Scientists find new way to get drugs past ‘blood-brain barrier'
Scientists have found a new way to transport medicine into the brain, which they hope could lead to improved treatments for diseases such as Alzheimer’s in the future.
Experts from Newcastle University have engineered small particles from a peptide that can carry and deliver drugs to the brain without “adverse reactions and toxicity”.
A protective layer known as the blood-brain barrier (BBB) excludes the majority of drugs from reaching blood capillaries in the brain.
However, some viruses have found ways to bypass the barrier, and medication for certain neurological diseases uses modified versions of these to deliver the drugs.
Current treatments involve difficulties in safely “packaging” these viruses and the drugs are usually delivered via injection into the cerebrospinal fluid.
The scientists’ advance uses a peptide component from a virus that forms a “small, hairy particle” when added to water and is administered via intravenous injection.

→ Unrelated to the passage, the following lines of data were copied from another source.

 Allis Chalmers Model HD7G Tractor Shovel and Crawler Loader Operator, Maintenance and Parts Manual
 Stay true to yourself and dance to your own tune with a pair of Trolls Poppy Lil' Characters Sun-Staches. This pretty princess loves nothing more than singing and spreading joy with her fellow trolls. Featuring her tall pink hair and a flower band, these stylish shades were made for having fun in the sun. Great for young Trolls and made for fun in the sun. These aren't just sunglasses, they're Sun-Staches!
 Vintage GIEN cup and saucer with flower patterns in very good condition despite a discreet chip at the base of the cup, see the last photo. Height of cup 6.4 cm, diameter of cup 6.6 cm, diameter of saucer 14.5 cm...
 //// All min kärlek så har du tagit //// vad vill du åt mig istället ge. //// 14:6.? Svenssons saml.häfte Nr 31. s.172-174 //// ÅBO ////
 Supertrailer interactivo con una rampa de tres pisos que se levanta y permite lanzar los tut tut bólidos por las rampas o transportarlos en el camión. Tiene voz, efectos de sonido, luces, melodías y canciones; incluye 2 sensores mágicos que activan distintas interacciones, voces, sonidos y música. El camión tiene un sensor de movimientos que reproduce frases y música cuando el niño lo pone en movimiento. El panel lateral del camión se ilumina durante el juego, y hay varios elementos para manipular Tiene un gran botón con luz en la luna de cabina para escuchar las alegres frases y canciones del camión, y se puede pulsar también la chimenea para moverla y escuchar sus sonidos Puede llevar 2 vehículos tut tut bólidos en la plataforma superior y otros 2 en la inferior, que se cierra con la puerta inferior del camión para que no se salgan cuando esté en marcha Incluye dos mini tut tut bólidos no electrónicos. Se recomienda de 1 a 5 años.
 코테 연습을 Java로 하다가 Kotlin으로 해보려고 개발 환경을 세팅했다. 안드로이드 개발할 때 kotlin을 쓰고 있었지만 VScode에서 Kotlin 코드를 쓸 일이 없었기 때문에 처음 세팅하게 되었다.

They found that the developed particles targeted the brains of mice by crossing the blood-brain barrier, reaching neurons and other cells.
Professor Moein Moghimi, who led the research, said: “Crossing the blood-brain barrier has hindered the industry from effectively addressing central nervous system diseases, including brain tumours, and many neurological diseases like Parkinson’s, Alzheimer’s and Huntington’s.

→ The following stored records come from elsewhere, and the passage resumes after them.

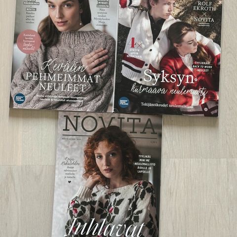 Myydään kolme Novitan lehteä. Kolme euroa kappale.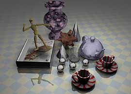 影像式背景 使用影像檔案做為環景的方式,唯其光源所使用的影像最好使用無接縫的影像圖片;並且其在顯示背景的狀態下,光源與環境是以球體的方式顯示,故光源的尺寸不宜太小,並且能夠將攝影機包含在內。此效果請參照前面所製作的圖片。 基本的方式 若是您不加入任何的環景影像檔案,其與基本的光源使用無異,且比一般的光源效果更佳。其環景影像面板中的設定如前所述,唯當您不設定環景影像的檔案時,顯示環境的選項最好不要核取,否則當光源的尺寸較小會顯示出環境影像光源的球體。因為沒有環景影像,所以光源強對最好不要太大。 如圖 24 及 25,畫面中只有使用一盞環景影像光源,可以很明顯看出使用環景影像光源對於金屬物體的反射非常的自然。 |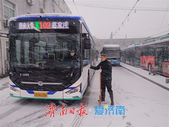 风雪中,济南各级公交管理人员上站上线,前往冰雪湿滑道路实地调查道路通行情况,观察主要客流节点客流,维护网站登机秩序。根据路面的实际通行情况,在保证安全的前提下,采用灵活有效的调度方式,如区间车、大站快车、直达车、跨线支援、中段停车等。,从而提高车辆的运行效率和线路运输能力,最大限度地减少低温、雨雪天气对市民正常出行的影响。同时,济南公交实施每日调度,科学制定行车操作计划,及时增加线路列车次数投入,加强线路运行秩序控制,充分发挥三级调度作用,及时监控调整线路运行秩序,最大限度满足市民和乘客的出行需求,提供专业的出行服务。(济南日报·爱济南记者:刘文忠 通讯员:崔芳芳 韩龙)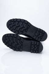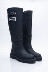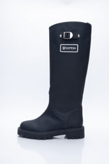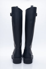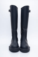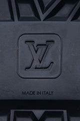 Rubber-effect calf leather gives the Territory flat high boot the appearance of an authentic rain boot. The rubber outsole is color-matched to the upper for an original "dipped-in-paint" look. This slip-on model is signed with a Vuitton tag and an engraved, silver-tone buckle and studs.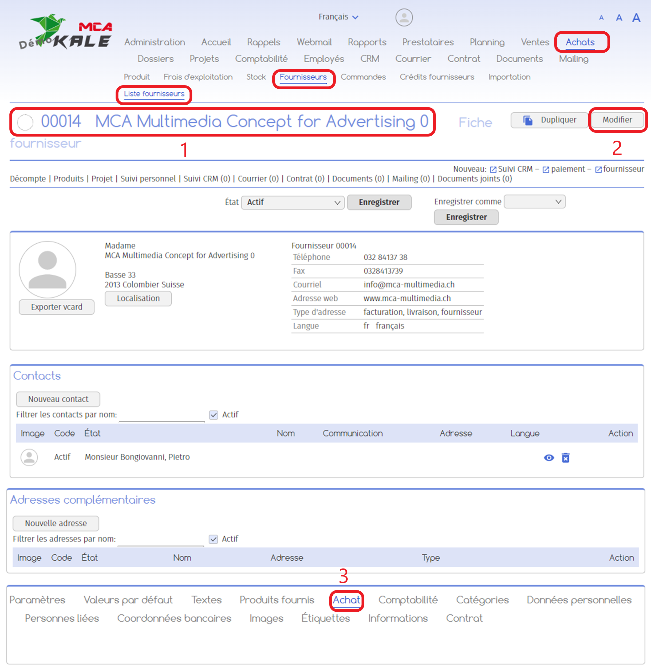 1. Nous sommes sur la fiche fournisseur de « MCA Multimedia Concept for Advertising 0 » ;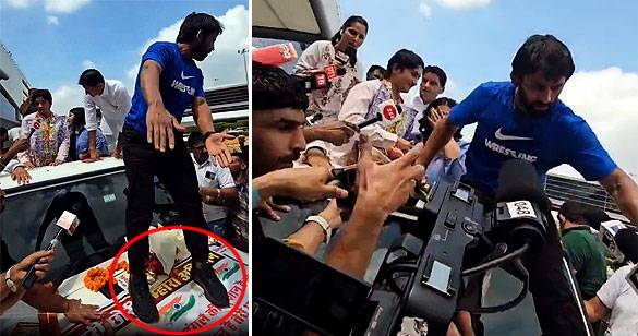 बजरंग पूनिया ने जोश में खोया होश: पैरों से तिरंगे को कुचला, वीडियो वायरल

“This breakthrough – based on more than 10 years of research – has significant implications for crossing BBB and other biological barriers that have created challenges for drug delivery.
“Our breakthrough allows for minimally invasive combination delivery through an intravenous injection of various drugs, peptides and nucleic acid therapeutics to the brain.”
The scientists hope this could lead the way to safer treatment of neurological and neurodegenerative diseases such as Parkinson’s, Alzheimer’s and Huntingdon’s.
Professor Moghimi added: “We are very excited by our research – our delivery system is versatile and amenable to modifications, so, in principle, we can hopefully address shortfalls in drug delivery to the brain through intravenous injection.
“We have a long way to go, but we hope that our technology platform may open up many opportunities to address neurodegenerative diseases with modern therapeutics and genetic drugs.”
The study is published in the journal Nature Communications.